Секунду спустя я услышала мягкий прохладный голос:
– Сара? Сколько времени прошло.
Это к ней я прибежала, когда у меня начались первые месячные, это она помогала мне
склеить впервые разбитое сердце, это ее руку я искала среди ночи, когда не могла
вспомнить, на какую сторону папа носил пробор или как звучал мамин смех. Неважно,
какая она сейчас, раньше она была моим лучшим другом, данным от рождения.
– Занна? Как дела?
Через тридцать шесть часов, после того как Кейт официально поставили диагноз острая
промиелоцитная лейкемия, нам с Брайаном дали возможность задать вопросы. Кейт сидела
у детского психолога и возилась с клеем и цветными блестками, пока мы общались с
группой врачей, медсестер и психиатров. Медсестры, как оказалось, должны были отвечать
на наши вопросы. В отличие от докторов, нервничавших так, будто опаздывали куда-то,
медсестры терпеливо отвечали нам, как если бы мы были первыми, кто задавал им эти
вопросы, а не тысячными.
– Когда имеешь дело с лейкемией, – объясняла одна медсестра, – еще не сделав первый
укол первого этапа лечения, нужно думать о третьем и четвертом этапах. Но именно этот
вид лейкемии плохо предсказуем, поэтому нужно тщательно продумывать каждый
следующий шаг. Промиелоцитная лейкемия сложнее в лечении, потому что это устойчивое к
химиотерапии заболевание.
– Что это значит? – спросил Брайан.
– Обычно при миелогенных лейкемиях, если позволяет состояние внутренних органов,
потенциально можно возвращать пациента к ремиссии после каждого рецидива. Организм
теряет силы, но можно каждый раз твердо сказать, что лечение принесет результат. В то же
время, если одно лечение помогло при промиелоцитной лейкемии, нельзя быть уверенным,
что оно подействует в следующий раз.
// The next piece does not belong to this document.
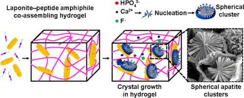 該團(tuán)隊開發(fā)了一種共組裝有機(jī)-無機(jī)水凝膠平臺,用于體外晶體生長,由 3D 超分子限制框架內(nèi)的顆粒附著機(jī)制介導(dǎo)。設(shè)計策略取決于 Lap 納米盤和陽離子 PAH3 分子之間的靜電相互作用,以將有機(jī)和無機(jī)組分的固有特性整合到獨(dú)特的有機(jī)-無機(jī)水凝膠結(jié)構(gòu)中。所得材料顯示出高表面積、高機(jī)械性能和自修復(fù)性能。此外,共組裝的 PA-Lap 水凝膠顯示出一種納米級結(jié)構(gòu),可作為羥基磷灰石從有序納米棒分級生長到明確定義的球形簇的密閉空間。該研究探索了這種礦化機(jī)制,作為一種仿生 3D 模型來調(diào)節(jié)氟化羥基磷灰石的成核和時空組織。

И это все, что мы можем сделать в данный момент.
– Вы хотите сказать, – Брайан запнулся, – вы хотите сказать, что она умрет?
– Я хочу сказать, что нет гарантий.
– Что же вы собираетесь делать?
На этот вопрос ответила другая медсестра:
– Сначала у Кейт будет недельный курс химиотерапии. Мы надеемся, что нам удастся
убить пораженные клетки. Скорее всего, у нее будет тошнота и рвота, мы постараемся
свести это к минимуму с помощью противорвотных средств. У нее вы падут волосы.
Услышав это, я вскрикнула. Казалось бы, мелочь, но она будет сигнальным флажком,
показывающим другим, что с Кейт что-то не так. Только шесть месяцев назад мы впервые
постригли ей волосы. Золотые локоны блестели на полу парикмахерской, как золотые
монетки.
– Возможно, у нее будет диарея. Вполне вероятно, что из-за ослабленной иммунной
системы она подхватит какую-то инфекцию и ее придется положить в больницу.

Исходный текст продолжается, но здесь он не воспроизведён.